Печальная судьба ассоль
Поэт-песенник Севастьян Жуев, после сытного ужина: вяленой рыбой фугу под соусом рюпотэ де ля рю, с жульеном из лангуст, и красным вином Chateau Peruse, неспешной походкой счастливого, вольного человека вышел на берег морской. Его слегка, с непривычки, пучило после фугу. Блудливые ветры сирокко творческого живота творца, суетливо и шумно искал выхода на волю из зловонной плоти, а влажный морской пассат шевелил редкие волосы на голове опьяненного вином и ядом славы поэта-песенника. Шалое море, лукаво сверкая отблесками оранжевого закатного солнца в зеленых волнах, о чем-то тихо перешептывалось с прибрежными скалами. Сладко отрыгнув тетродотоксином, Севастьян Жуев, словно певец, перед исполнением арии, произнес нараспев, с юношеским озорством: «Остановись мгновенье! Ты, прекрасно! Ык!»

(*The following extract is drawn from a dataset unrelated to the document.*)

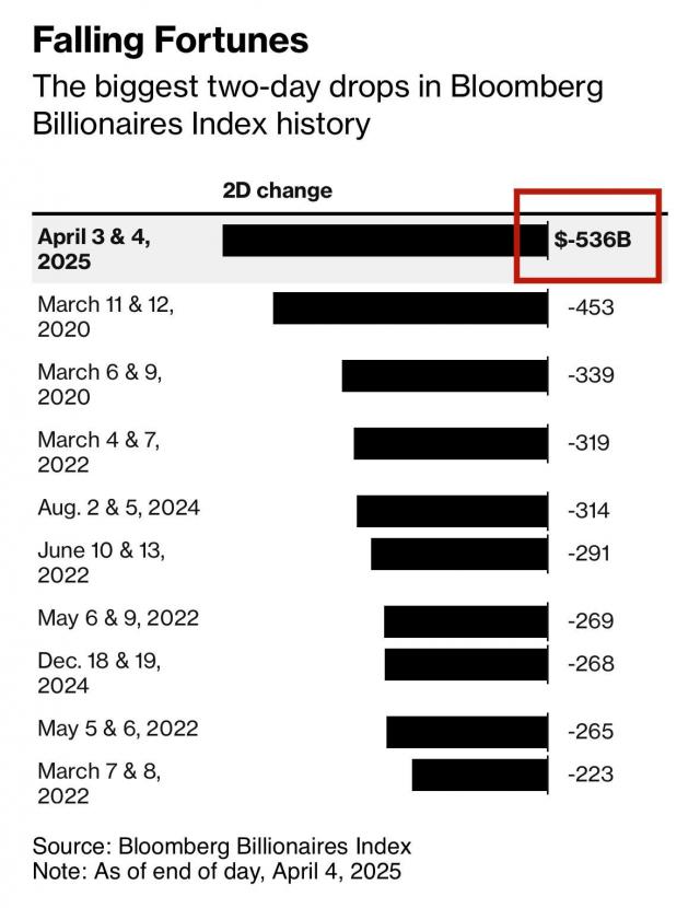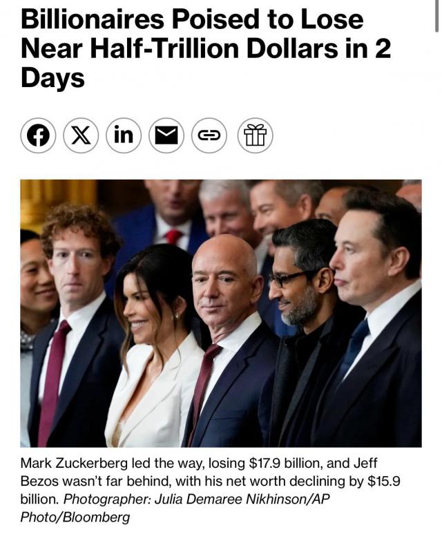 据彭博 . 社 4 月 4 据日报报道,在美国总统特朗普宣布新的关税措施导致全球市场暴跌后,世界上最富有的是 500 人们在两天内遭受了“彭博亿万富翁指数”史上最大的损失。

Неподалеку, в ста футах от него, в плетеном кресле, опершись подбородком о кривую, сучковатую трость, сидела старушка в креативном парэо, сшитом вручную из старых капроновых колготок, в замысловатой габардиновой шляпке на седой головке, от фасона которой у Филиппа Трейси непременно случилась бы падучая, с огромной брошью из стекляруса на груди, и в стоптанных, парусиновых сандалиях, помнящих еще сталинские репрессии. Старушка пристально вглядывалась маленькими, слезящимися глазками, в пылающий закат морского горизонта.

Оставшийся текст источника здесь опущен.